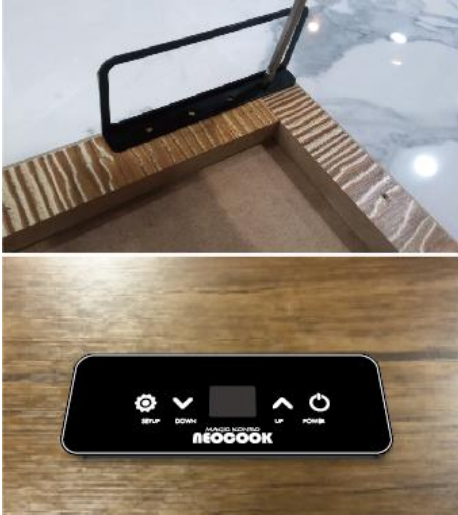
図.5 有線リモコン固定金具をテーブルの端に置き、固定します。 (図上) または、穴明けされた位置に有線リモコンを置いて固定します。 (図下)
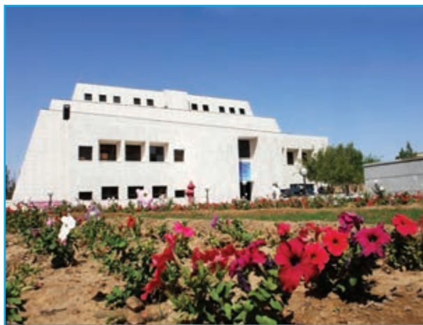
شکل ۶-۱۲- موزه بزرگ زاهدان

۳- تلگراف خانه حرمک : این اثر در روستای حرمک از توابع بخش مرکزی در شمال زاهدان واقع شده است.

#####

> [Work required]
From the material above, output every line exactly as written, dropping any picture.

> [Response to this exercise]
図.5 有線リモコン固定金具をテーブルの端に置き、固定します。 (図上) または、穴明けされた位置に有線リモコンを置いて固定します。 (図下)
شکل ۶-۱۲- موزه بزرگ زاهدان

۳- تلگراف خانه حرمک : این اثر در روستای حرمک از توابع بخش مرکزی در شمال زاهدان واقع شده است.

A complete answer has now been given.